Quantcast

Judge strikes portion of report in patent lawsuit between MLC Intellectual Property, Micro Technology

NORTHERN CALIFORNIA RECORD

Saturday, November 23, 2024

Judge strikes portion of report in patent lawsuit between MLC Intellectual Property, Micro Technology

Lawsuits
Patents 08

SAN FRANCISCO – A federal judge has weighed in on a five-year-old technology infringement lawsuit.

On April 19, Judge Susan Illston of the U.S. District Court for the Northern District of California conducted a hearing on Micron Technology’s motion to strike portions of expert testimony from Jack Lee on behalf of MLC Intellectual Property. She issued an opinion April 25 in which she partially granted Micron’s request.

MLC’s infringement contentions go back to Dec. 5, 2014, but on Feb. 1, the company filed its first motion to amend those contentions, intending to add evidence instead of theories by introducing previously unavailable technical evidentiary detail as well as additional Micron products. Micron opposed that plan, saying the amendments introduced new theories of infringement.

On Feb. 28, the court allowed the inclusion of extra products but denied the rest of the motion.

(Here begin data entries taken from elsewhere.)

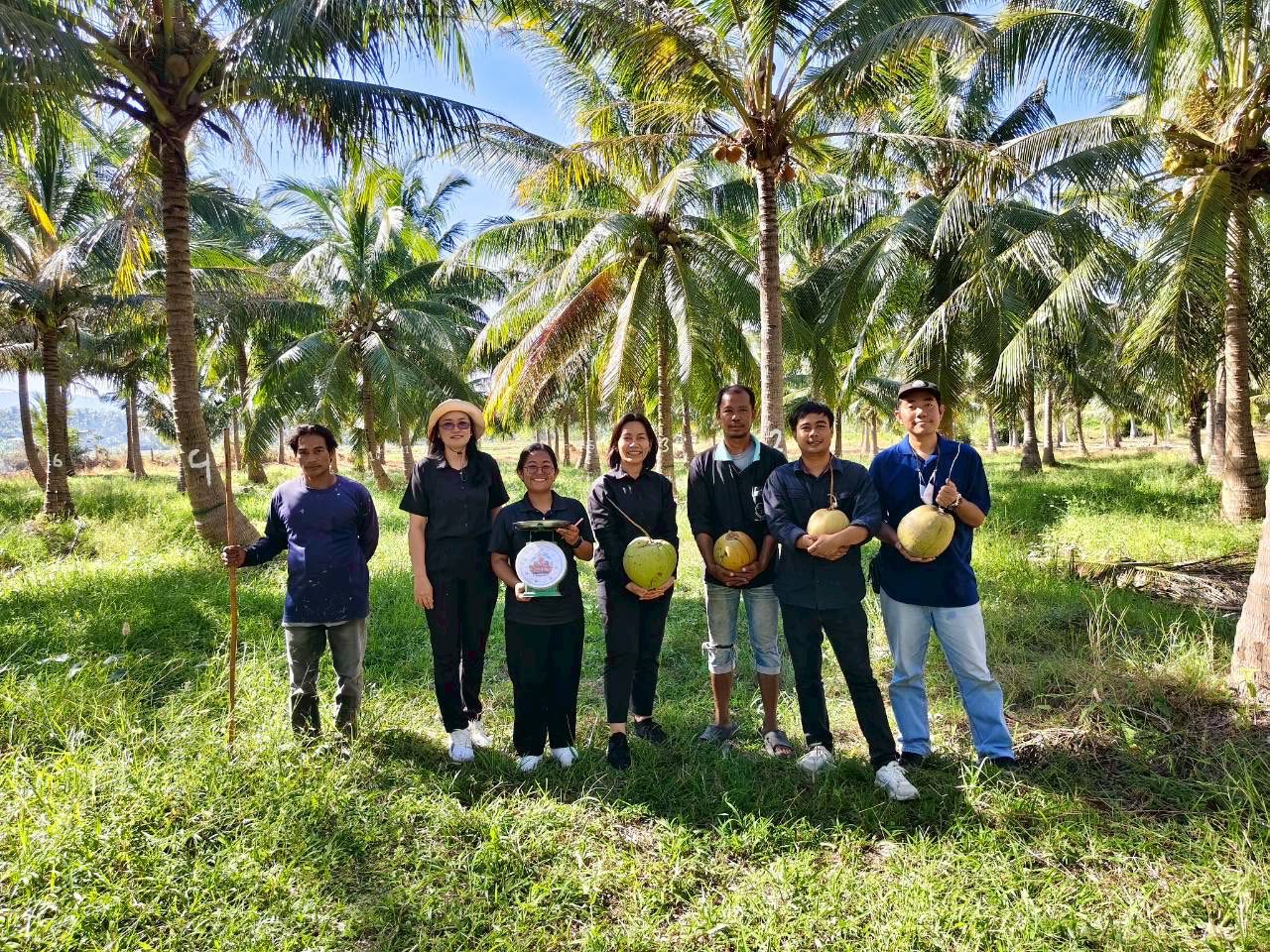 นางศันสนีย์ เกษตรสินสมบัติ เกษตรจังหวัดประจวบคีรีขันธ์ มอบหมาย นางสาวเพียงใจ น้อยดี หัวหน้ากลุ่มส่งเสริมและพัฒนาการผลิต พร้อมเจ้าหน้าที่ ร่วมกับสำนักงานเกษตรอำเภอทับสะแก ติดตามการดำเนินงานกิจกรรมทดสอบและถ่ายทอดเทคโนโลยีเพื่อเพิ่มผลิตภาพการผลิตสินค้าเกษตร (มะพร้าว)
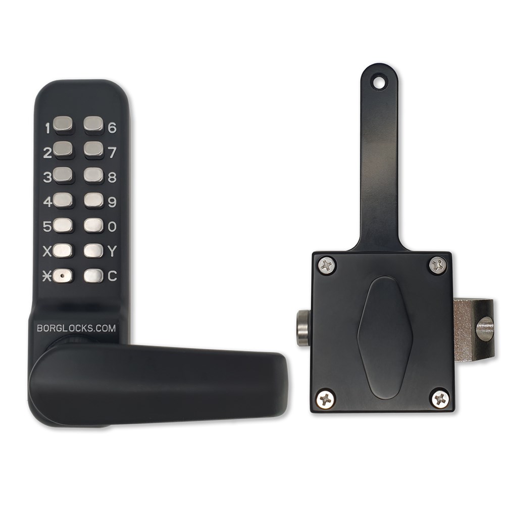 Borg Digital Lock ECP Keypad & Lever with Rim Fixed Slam Latch & Concealed Fix Strike Marine Grade Black - BL4409MGPROECP
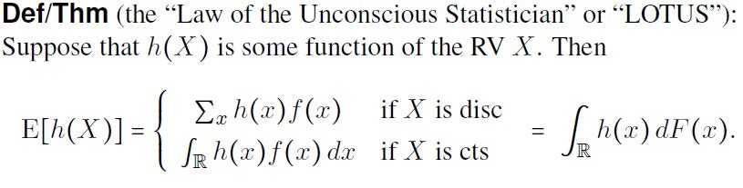 对于作用在随机变量上的函数,我们可以利用law of the unconscious statistician(LOTUS)来计算它的期望:
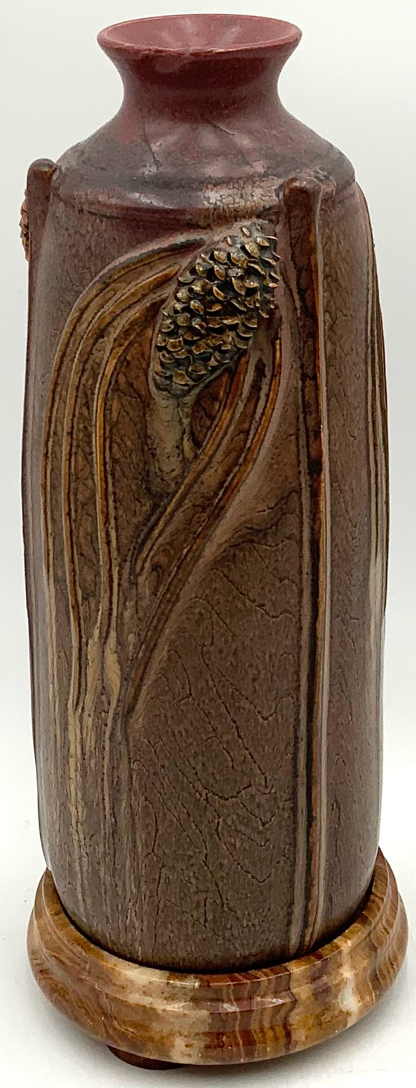 Vase, Pine Cone Motif, Pottery, Includes Stone Stand, 12"h
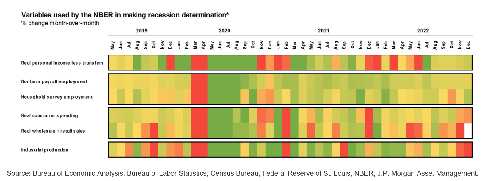 As a reminder, the National Bureau of Economic Research (NBER) is the ultimate arbiter of whether the economy is in a recession. Above are the primary determinants they use – green is a positive trend, red is a negative one, with the shades reflecting something in between. But, as the chart illustrates, it's currently a mixed bag. Employment and personal income remain solid, but there is a noticeable weakness in industrial production and a slowing pace of consumer spending.
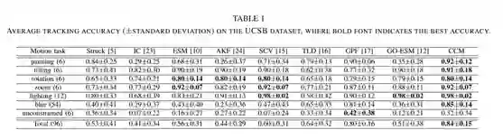 对应于每个视频类别的平均跟踪精度汇总在表I(UCSB)和II(TMT)中,如下:
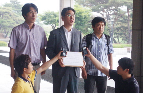 박종률 한국기자협회장과 정상원 한국일보 비상대책위원장은 이날 기자협회 소속 기자 1299명의 서명을 받은 1차 탄원서를 서울 서초동 서울중앙지검에 냈다.
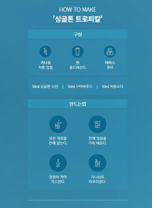 저에게 어울리는 칵테일은 '싱글톤 트로피칼'이라고 합니다.
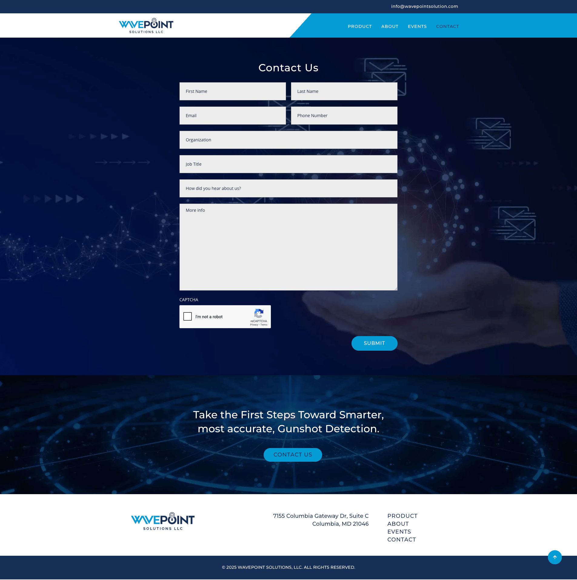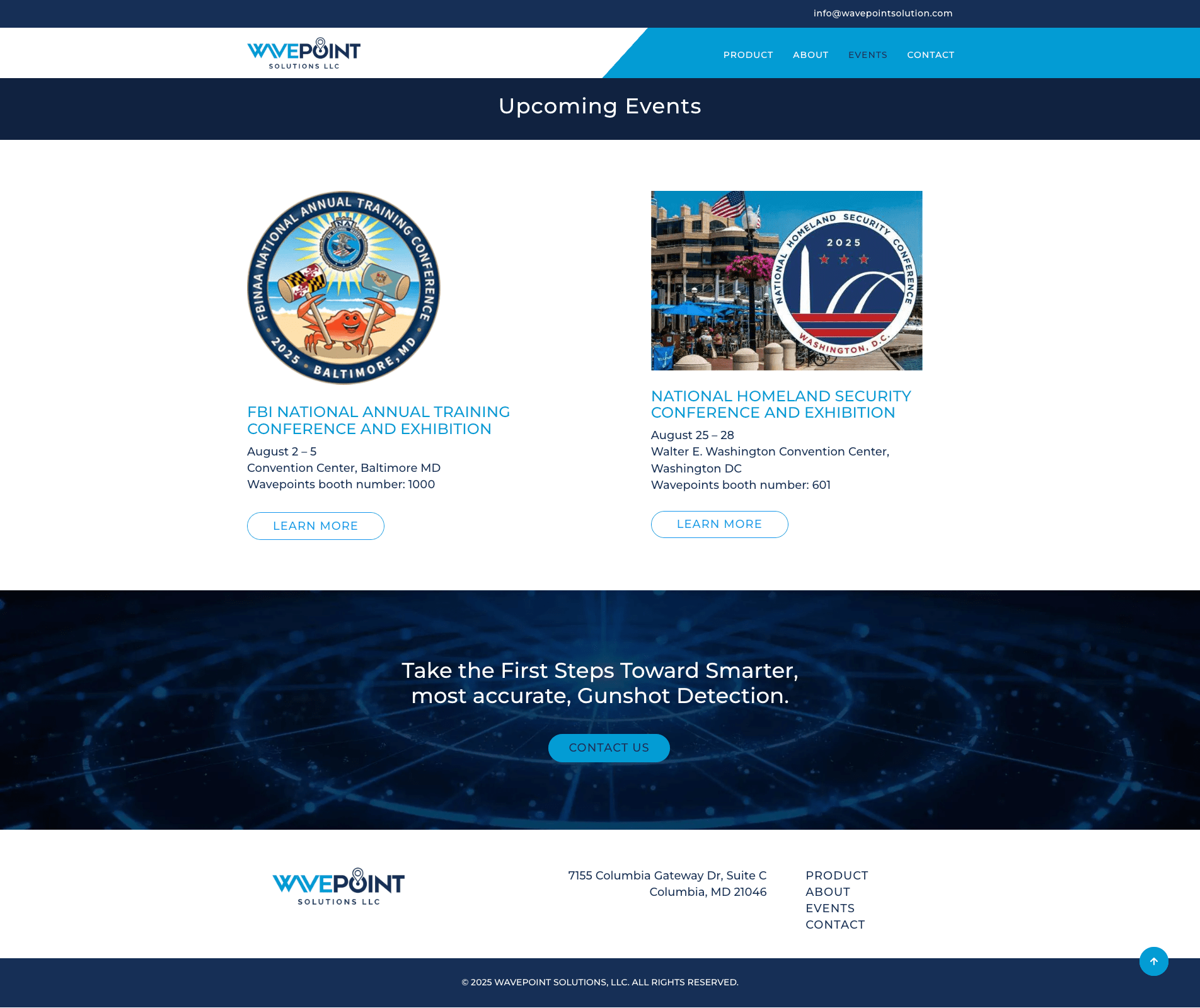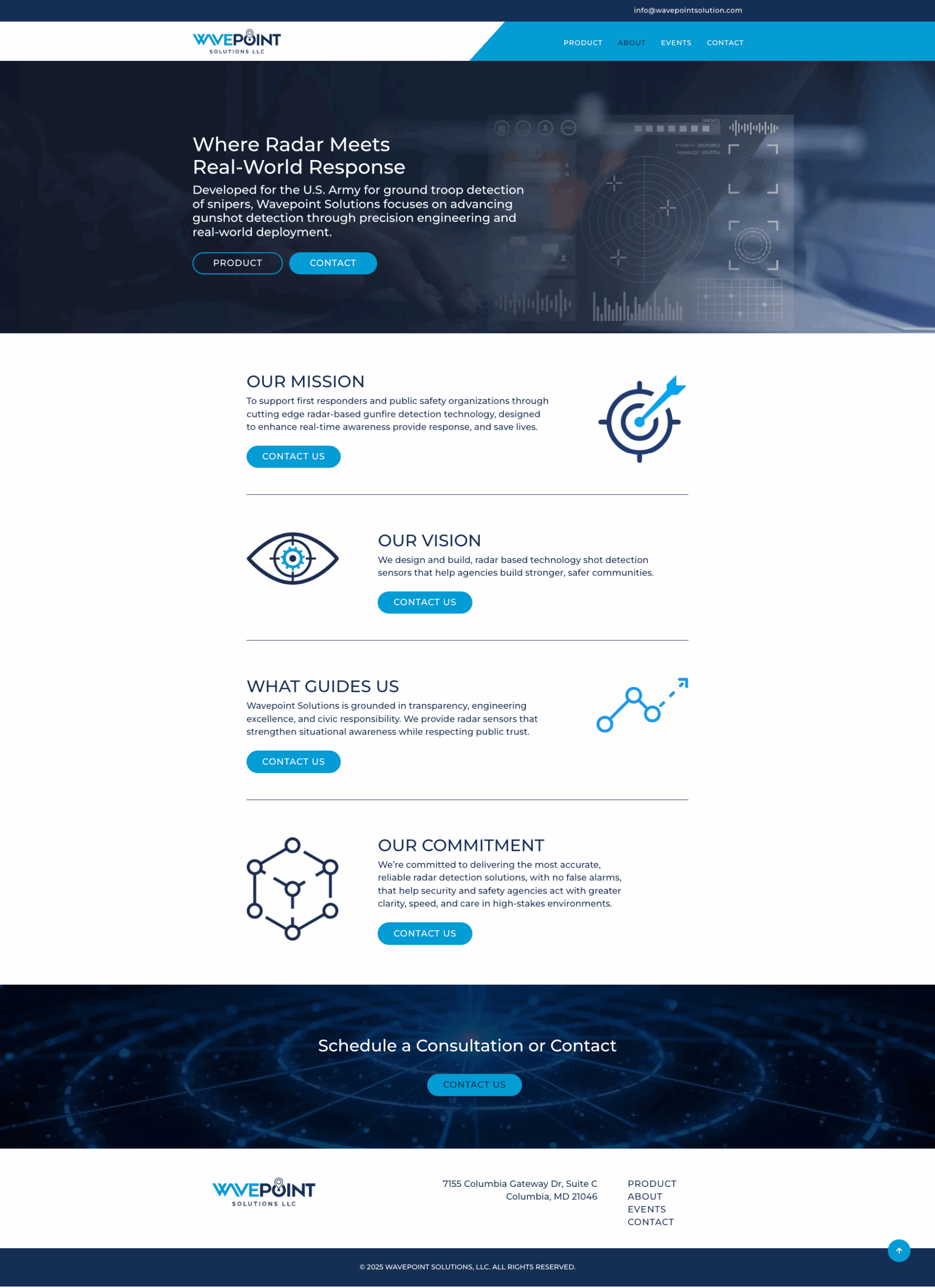 Sitio web informativo para Wavepoint Solutions, empresa especializada en tecnología de detección de disparos mediante radar, con soluciones desarrolladas originalmente para el ejército de EE.UU. y adaptadas para su uso en contextos civiles y de respuesta inmediata.

That finding showed MLC didn't demonstrate “diligence in seeking to amend to add technical detail to the infringement contentions,” and the court did not analyze if the amendments did in fact include new theories, the ruling states.

MLC filed its amendment March 4. On March 20, Micron moved to strike portions of the Jan. 28 report of Jack Lee on behalf of MLC, saying he repeatedly violated local patent rules and that his report contains the same new infringement theories it contested in MLC’s proposed amendment.

In her opinion, Illston reviewed her judicial district’s patent rules requiring a party claiming infringement to serve a disclosure of asserted claims and infringement contentions and limiting the availability of expert testimony to introduce theories not disclosed in those declarations.

“The court finds that while Micron makes some persuasive arguments about the lack of specificity in the infringement contentions,” Illston wrote, “Micron never challenged those contentions as inadequate for failure to identify structures for the means-plus-function claims. In addition, MLC did identify structures in the claim construction briefing.”

On those grounds, Illston said it would be improper to strike portions of Lee’s report. But she noted the report also said Micron’s device for comparing voltages of multi-level memory cells with a reference voltage “includes the memory cell,” which Micron said is a new theory as MLC never “disclosed or even suggested that the comparator included the memory cell or that the comparator is the memory cell.”

Instead, she continued, MLC “consistently treated the memory cell and the comparator as separate.” Illston said at best MLC implied it planned to use this theory, but the law requires explicit disclosure rather than implicit. As such, she struck all parts of Lee’s report describing the comparator as including the memory cell.

She further rejected MLC and Lee’s use of a theory about a limitation on how many voltages a circuit can select, but granted leave to file one motion for summary judgment on this topic.

Illston also rejected MLC’s argument it only committed a typographical error in citing an incorrect patent claim element in its filings, but said the "onus is not on Micron" to discern what MLC intended. She said she might have had "more sympathy" for MLC’s position specific to one evidence chart had it not repeatedly cited the same chart for numerous other claim elements, which she said made it that much more difficult for Micron lawyers to discern MLC’s stated intent.